::: Given information :::
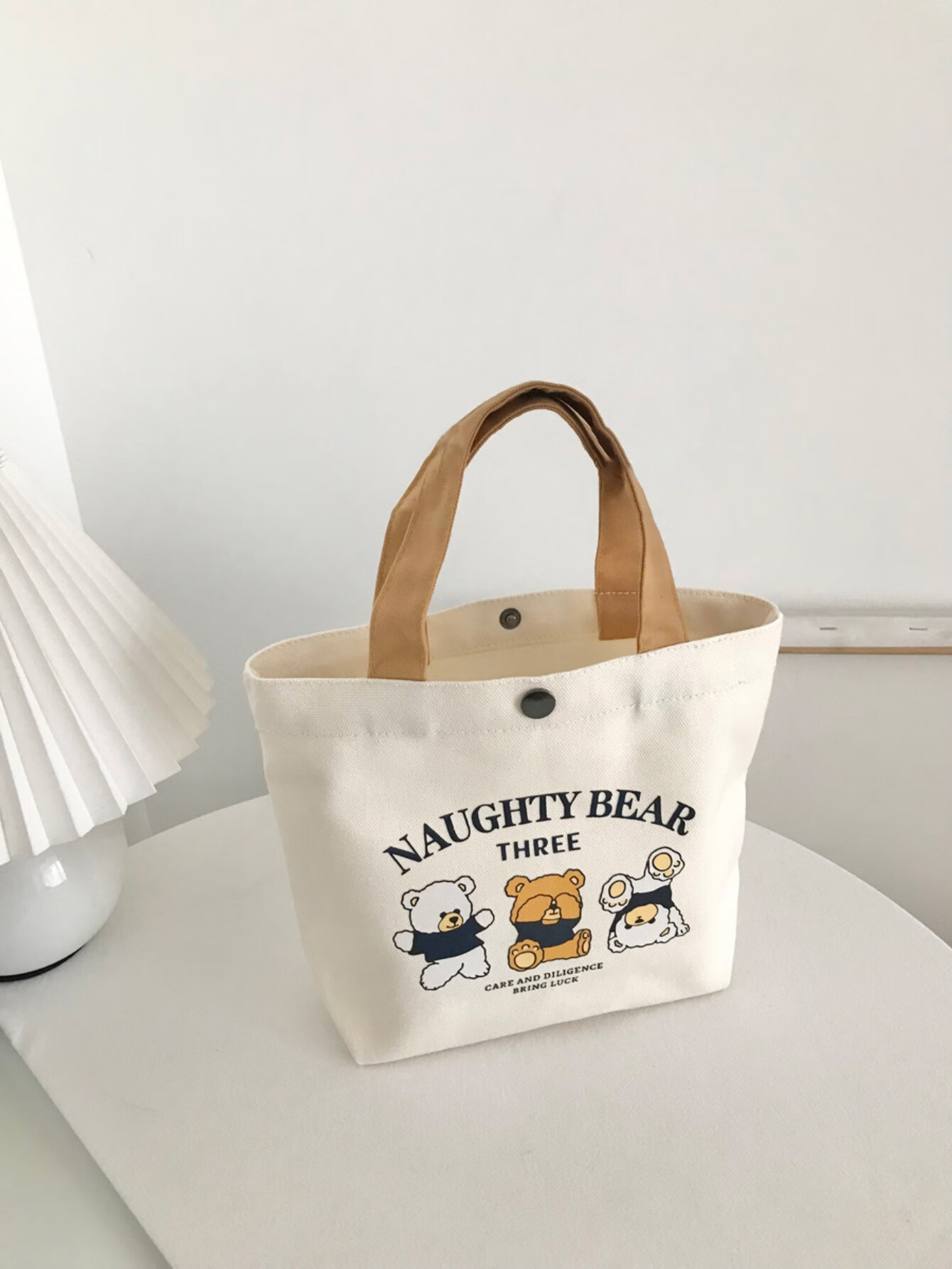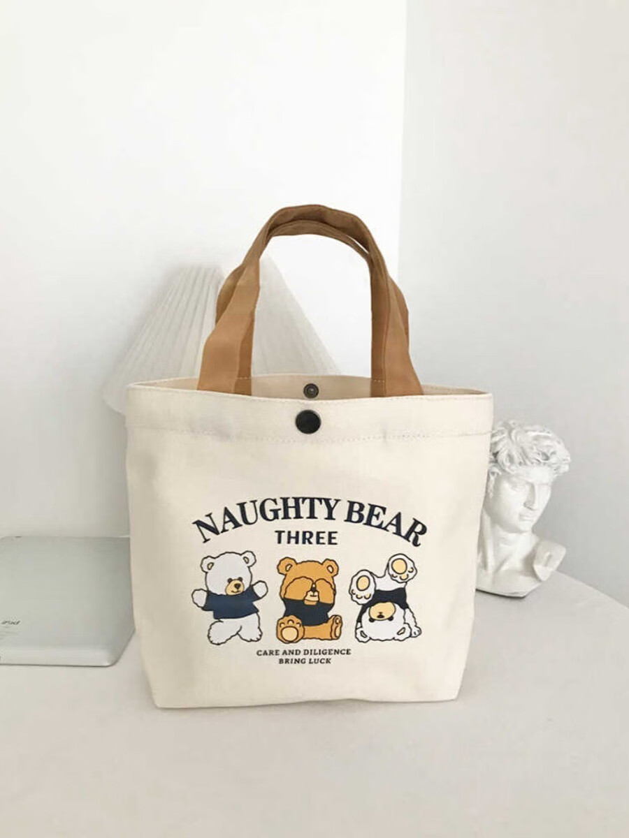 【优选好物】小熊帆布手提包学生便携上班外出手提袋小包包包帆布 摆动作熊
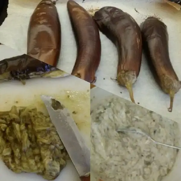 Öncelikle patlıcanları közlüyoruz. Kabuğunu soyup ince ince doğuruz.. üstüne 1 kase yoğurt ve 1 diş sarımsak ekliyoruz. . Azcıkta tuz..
:::
::: Given information :::
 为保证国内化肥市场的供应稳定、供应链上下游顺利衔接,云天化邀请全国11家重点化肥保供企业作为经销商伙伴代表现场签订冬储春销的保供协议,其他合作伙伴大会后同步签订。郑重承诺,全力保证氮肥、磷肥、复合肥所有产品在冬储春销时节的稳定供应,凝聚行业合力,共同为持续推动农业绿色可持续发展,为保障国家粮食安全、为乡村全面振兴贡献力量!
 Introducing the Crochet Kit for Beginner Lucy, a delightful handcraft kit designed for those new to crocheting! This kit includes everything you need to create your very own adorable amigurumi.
:::
[Task brief]: Using the listing above, copy exactly the line that contains "为保证国内化肥市场的供应稳定", the line that contains "Introducing the Crochet", and each line that falls between them.

[Task result]:
 为保证国内化肥市场的供应稳定、供应链上下游顺利衔接,云天化邀请全国11家重点化肥保供企业作为经销商伙伴代表现场签订冬储春销的保供协议,其他合作伙伴大会后同步签订。郑重承诺,全力保证氮肥、磷肥、复合肥所有产品在冬储春销时节的稳定供应,凝聚行业合力,共同为持续推动农业绿色可持续发展,为保障国家粮食安全、为乡村全面振兴贡献力量!
 Introducing the Crochet Kit for Beginner Lucy, a delightful handcraft kit designed for those new to crocheting! This kit includes everything you need to create your very own adorable amigurumi.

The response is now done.